● Data shown:

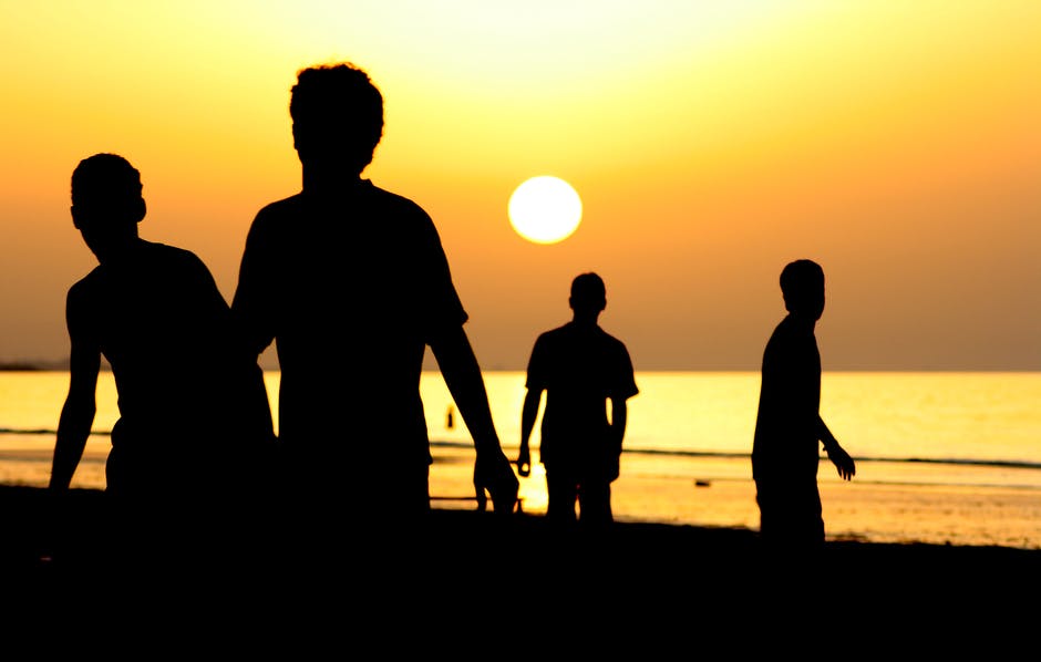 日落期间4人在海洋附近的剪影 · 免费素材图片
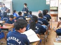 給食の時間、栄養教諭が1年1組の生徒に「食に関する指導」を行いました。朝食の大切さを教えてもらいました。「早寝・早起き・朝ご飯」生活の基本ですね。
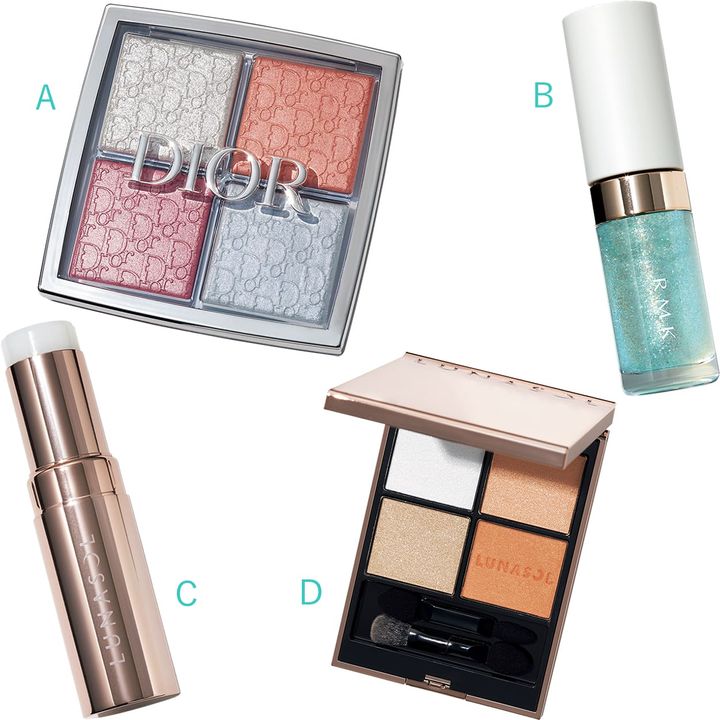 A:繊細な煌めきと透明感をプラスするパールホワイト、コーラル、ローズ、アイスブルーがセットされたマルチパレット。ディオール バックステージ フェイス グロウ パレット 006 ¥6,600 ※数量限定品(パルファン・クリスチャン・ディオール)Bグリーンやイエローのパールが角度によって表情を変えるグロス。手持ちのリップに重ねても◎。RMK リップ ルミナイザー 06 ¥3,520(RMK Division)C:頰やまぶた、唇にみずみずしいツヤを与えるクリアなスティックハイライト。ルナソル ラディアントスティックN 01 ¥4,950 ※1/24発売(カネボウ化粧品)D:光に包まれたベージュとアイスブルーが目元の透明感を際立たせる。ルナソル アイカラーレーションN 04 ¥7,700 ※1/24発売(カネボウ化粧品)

● Requirement: Leave out the pictures; repeat the data exactly.

● Output of the task:
 日落期间4人在海洋附近的剪影 · 免费素材图片
 給食の時間、栄養教諭が1年1組の生徒に「食に関する指導」を行いました。朝食の大切さを教えてもらいました。「早寝・早起き・朝ご飯」生活の基本ですね。
 A:繊細な煌めきと透明感をプラスするパールホワイト、コーラル、ローズ、アイスブルーがセットされたマルチパレット。ディオール バックステージ フェイス グロウ パレット 006 ¥6,600 ※数量限定品(パルファン・クリスチャン・ディオール)Bグリーンやイエローのパールが角度によって表情を変えるグロス。手持ちのリップに重ねても◎。RMK リップ ルミナイザー 06 ¥3,520(RMK Division)C:頰やまぶた、唇にみずみずしいツヤを与えるクリアなスティックハイライト。ルナソル ラディアントスティックN 01 ¥4,950 ※1/24発売(カネボウ化粧品)D:光に包まれたベージュとアイスブルーが目元の透明感を際立たせる。ルナソル アイカラーレーションN 04 ¥7,700 ※1/24発売(カネボウ化粧品)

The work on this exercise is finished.